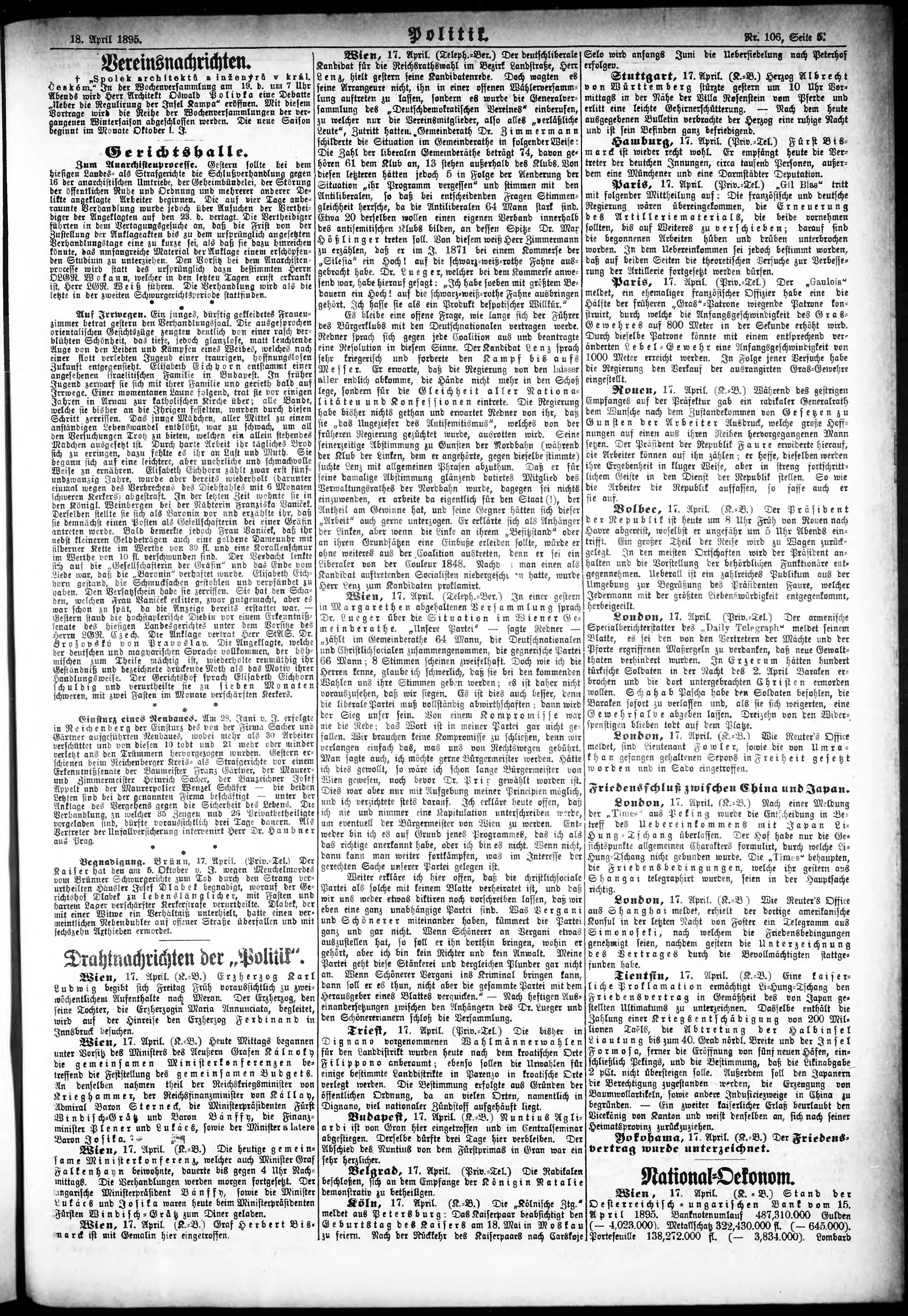 * Datum vydání výtisku: 18.4.1895 Číslo výtisku: 106 Poznámky k výtisku: ranní vydání;
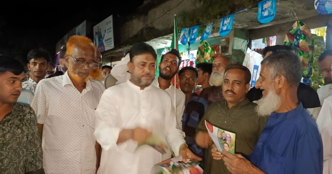 ফুলবাড়িয়ায় বিএনপি নেতার লিফলেট বিতরণ ও গণসংযোগ
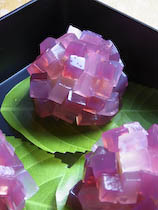 “ハーブティのあじさい羹”を試作。 紫、ピンク、白と3種類の寒天をさいの目に切って白あんのまわりにくっつけてあります。 今日はローズヒップティ、レモンマートル、ぶどうジュースで3色。 当日はぶどうジュースの代わりにブルーのマロウティーにしようかな? 意外と簡単にできる和菓子です。 |
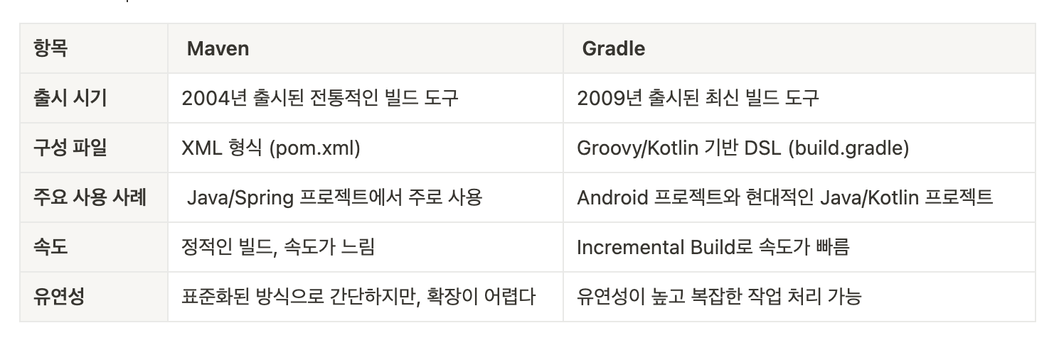 빌드 도구는 프로젝트를 컴파일, 테스트, 의존성 관리, 패키징 같은 작업을 자동으로 처리해주는 도구이다.
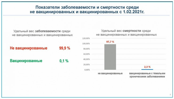 По словам главы Минздрава, удельный вес летальности от COVID-19 среди непривитых составил 97,7 процента, тогда как на вакцинированных приходится 2,3 процента. При этом, как отметил Цой, вакцинированные имели тяжелые хронические заболевания.
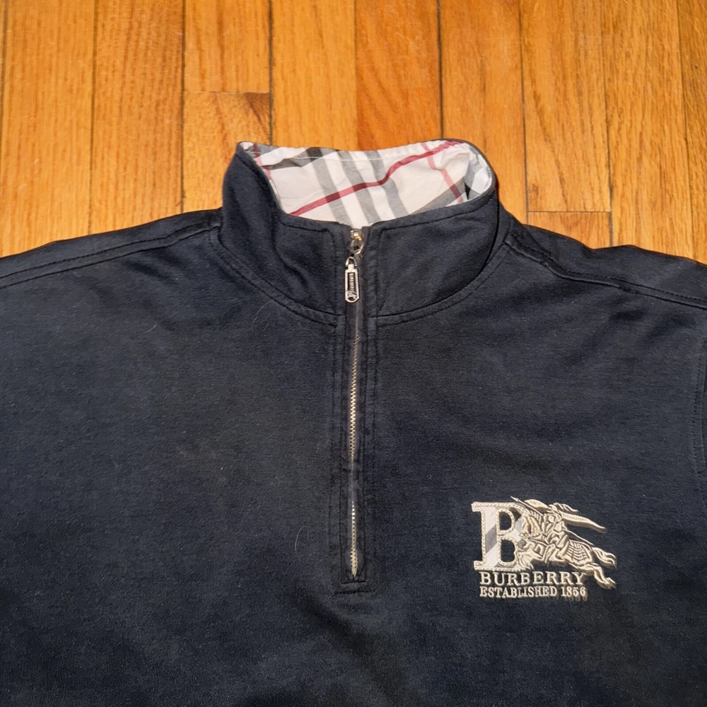 Burberry Brit Sweatshirt Mens L Black Logo Quarter Zip Long Sleeve Pullover
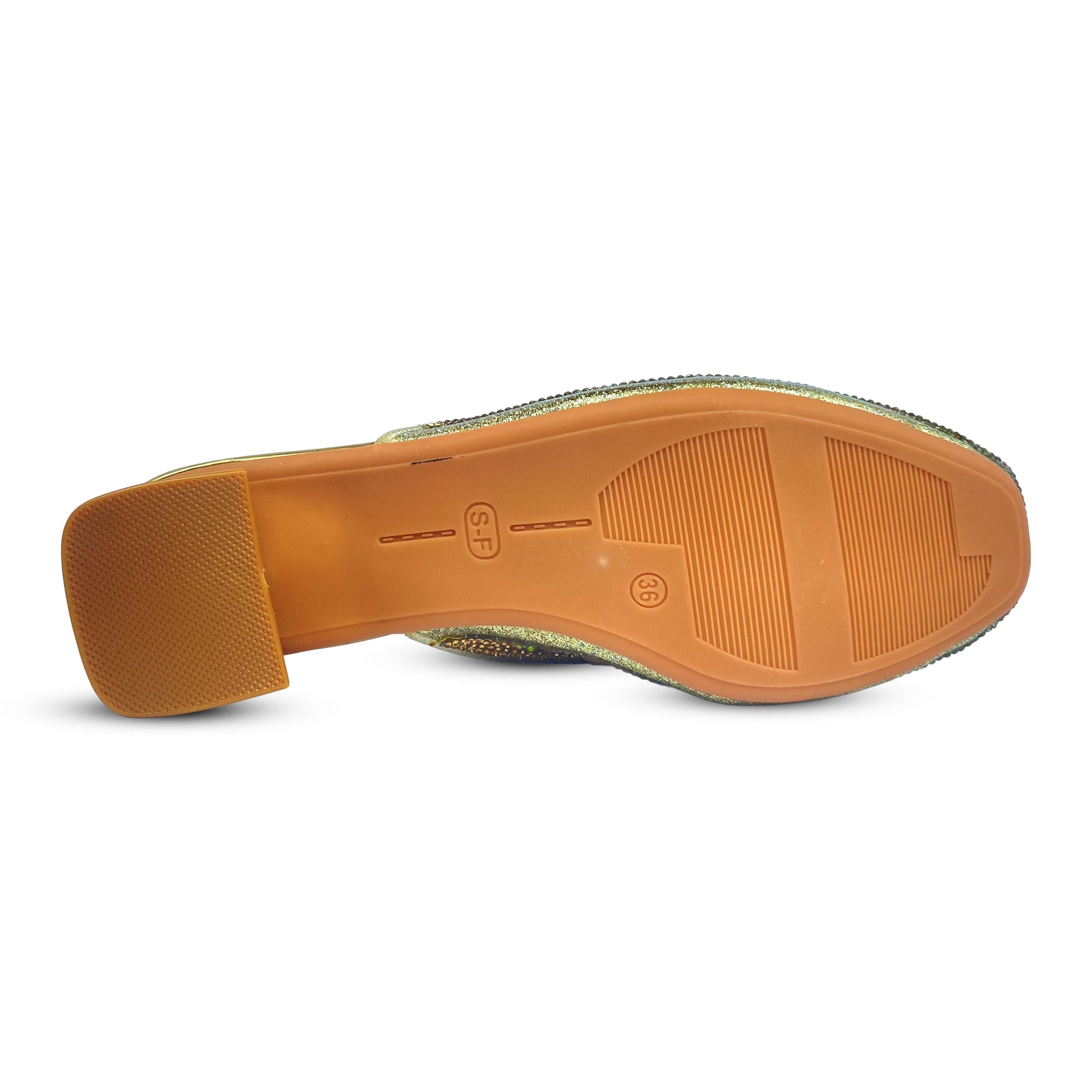 Step into sophistication with our Mules with Heel. These golden mules feature an elegant glittering design and sparkling rhinestones, adding a touch of glamour to any outfit. Whether you're attending a formal event or a night out, these mules with block heel offer a comfortable yet stylish choice.
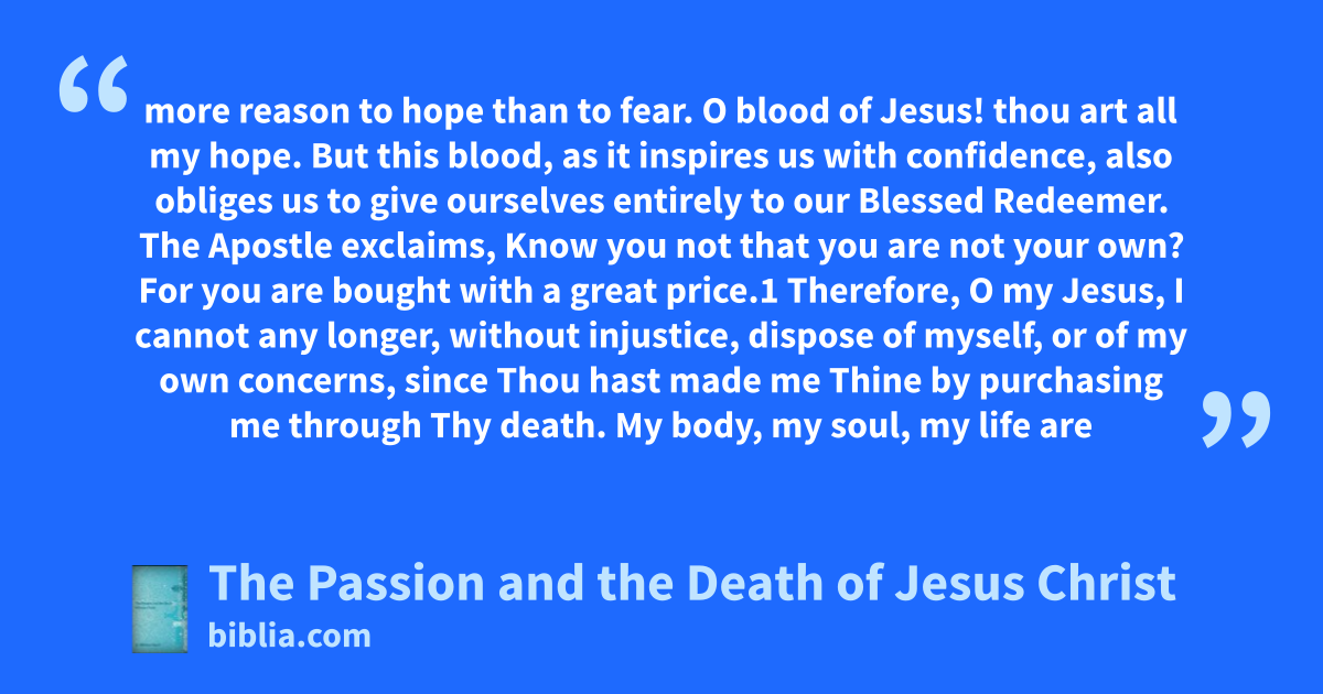 more reason to hope than to fear. O blood of Jesus! thou art all my hope. But this blood, as it inspires us with confidence, also obliges us to give ourselves entirely to our Blessed Redeemer. The Apostle exclaims, Know you not that you are not your own? For you are bought with a great price.1 Therefore, O my Jesus, I cannot any longer, without injustice, dispose of myself, or of my own concerns, since Thou hast made me Thine by purchasing me through Thy death. My body, my soul, my life are
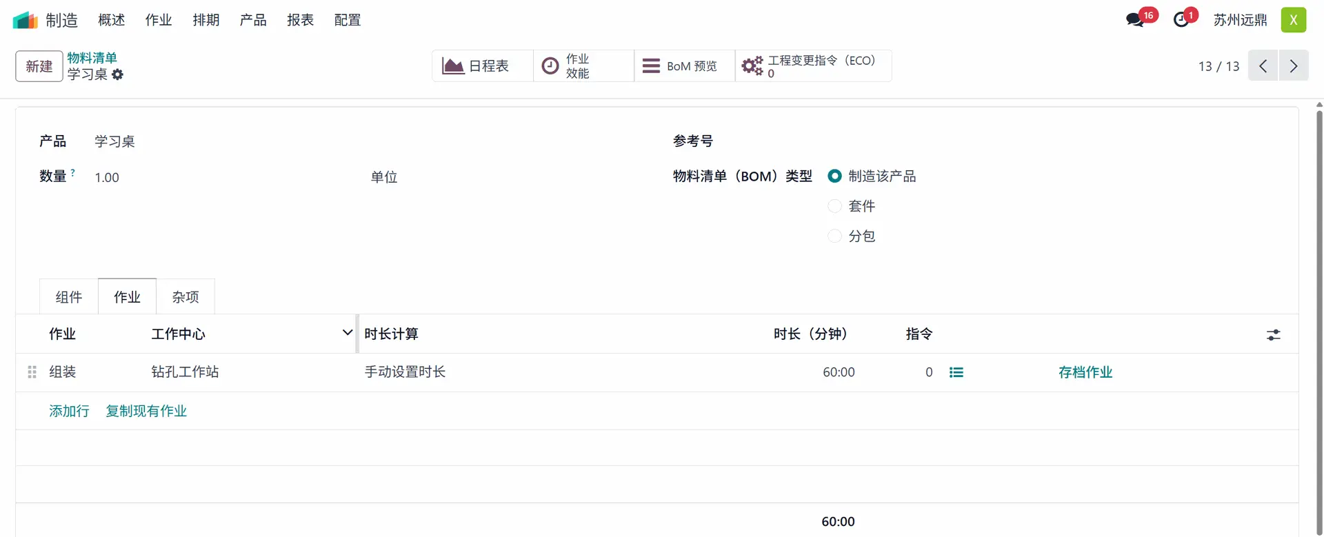 下面的截图显示了一个产品学习桌的物料清单。选择的 BoM 类型是生产此产品。“组件”(Component) 选项卡包含带有数量的原材料列表。
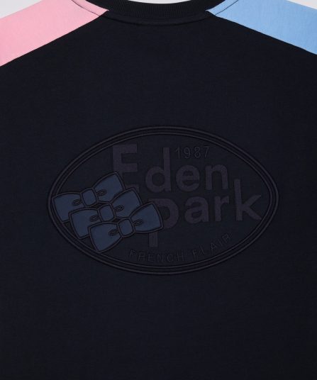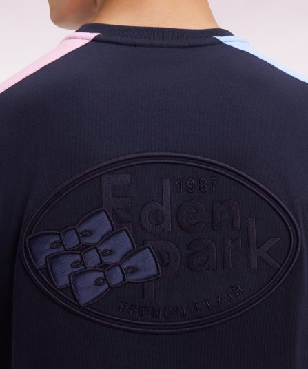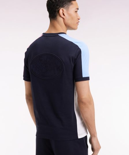 Ce T-shirt complète la ligne de vêtements masculins se distinguant par des découpes soignées dans les coloris iconiques de la maison associés au bleu marine. Une broderie dos au nom d’Eden Park soulignée d’un insert de tissu cravate cerclé parfait ce T-shirt en jersey de coton. Bordures de manches et encolure en bords-côtes tricotés garantissent confort et tenue à ce modèle unique
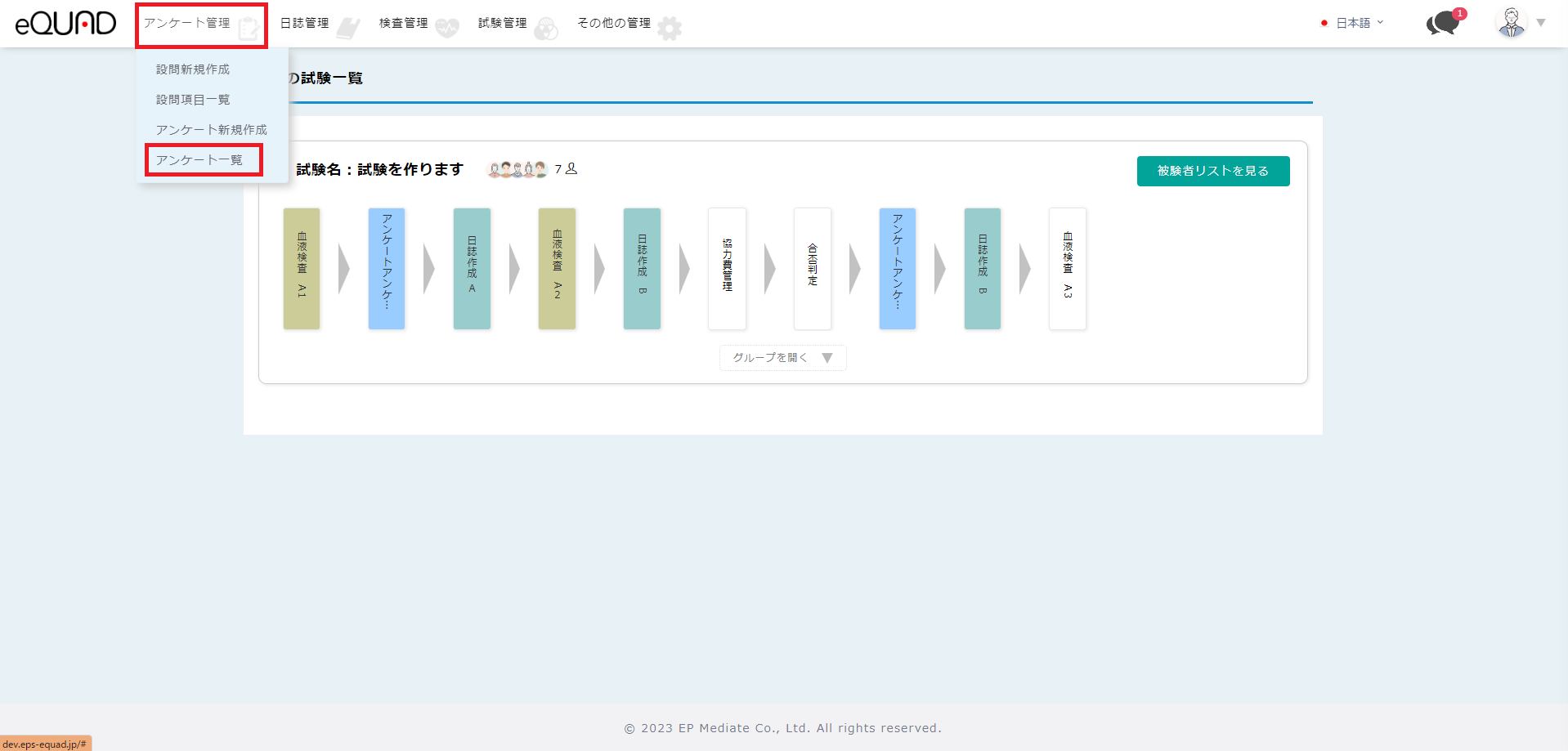 ① 「アンケート管理」「アンケート一覧」を押下してください。

What to work on: All of the records above should be reproduced exactly, with the pictures left out.

Finished task:
 * Datum vydání výtisku: 18.4.1895 Číslo výtisku: 106 Poznámky k výtisku: ranní vydání;
 ফুলবাড়িয়ায় বিএনপি নেতার লিফলেট বিতরণ ও গণসংযোগ
 “ハーブティのあじさい羹”を試作。 紫、ピンク、白と3種類の寒天をさいの目に切って白あんのまわりにくっつけてあります。 今日はローズヒップティ、レモンマートル、ぶどうジュースで3色。 当日はぶどうジュースの代わりにブルーのマロウティーにしようかな? 意外と簡単にできる和菓子です。 |
 빌드 도구는 프로젝트를 컴파일, 테스트, 의존성 관리, 패키징 같은 작업을 자동으로 처리해주는 도구이다.
 По словам главы Минздрава, удельный вес летальности от COVID-19 среди непривитых составил 97,7 процента, тогда как на вакцинированных приходится 2,3 процента. При этом, как отметил Цой, вакцинированные имели тяжелые хронические заболевания.
 Burberry Brit Sweatshirt Mens L Black Logo Quarter Zip Long Sleeve Pullover
 Step into sophistication with our Mules with Heel. These golden mules feature an elegant glittering design and sparkling rhinestones, adding a touch of glamour to any outfit. Whether you're attending a formal event or a night out, these mules with block heel offer a comfortable yet stylish choice.
 more reason to hope than to fear. O blood of Jesus! thou art all my hope. But this blood, as it inspires us with confidence, also obliges us to give ourselves entirely to our Blessed Redeemer. The Apostle exclaims, Know you not that you are not your own? For you are bought with a great price.1 Therefore, O my Jesus, I cannot any longer, without injustice, dispose of myself, or of my own concerns, since Thou hast made me Thine by purchasing me through Thy death. My body, my soul, my life are
 下面的截图显示了一个产品学习桌的物料清单。选择的 BoM 类型是生产此产品。“组件”(Component) 选项卡包含带有数量的原材料列表。
 Ce T-shirt complète la ligne de vêtements masculins se distinguant par des découpes soignées dans les coloris iconiques de la maison associés au bleu marine. Une broderie dos au nom d’Eden Park soulignée d’un insert de tissu cravate cerclé parfait ce T-shirt en jersey de coton. Bordures de manches et encolure en bords-côtes tricotés garantissent confort et tenue à ce modèle unique
 ① 「アンケート管理」「アンケート一覧」を押下してください。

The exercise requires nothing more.